*PROBLEM TO WORK ON*
In the listing below, the answer starts at the line that has "紙本・彩色 10号 落款と印有 共シール 画面2ヶ所にヤブレ 額付" and stops after the line that has "Editar: Editamos cualquiera"; please repeat that part exactly and nothing more.
----- SUPPLIED ENTRIES -----
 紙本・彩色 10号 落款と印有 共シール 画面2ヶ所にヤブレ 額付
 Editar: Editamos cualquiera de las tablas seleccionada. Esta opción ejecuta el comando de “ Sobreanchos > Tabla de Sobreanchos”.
-----
----- SUPPLIED ENTRIES -----
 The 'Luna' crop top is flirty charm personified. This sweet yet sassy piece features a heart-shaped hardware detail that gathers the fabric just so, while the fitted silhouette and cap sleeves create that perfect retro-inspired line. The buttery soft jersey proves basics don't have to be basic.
-----
*FINISHED TASK*
 紙本・彩色 10号 落款と印有 共シール 画面2ヶ所にヤブレ 額付
 Editar: Editamos cualquiera de las tablas seleccionada. Esta opción ejecuta el comando de “ Sobreanchos > Tabla de Sobreanchos”.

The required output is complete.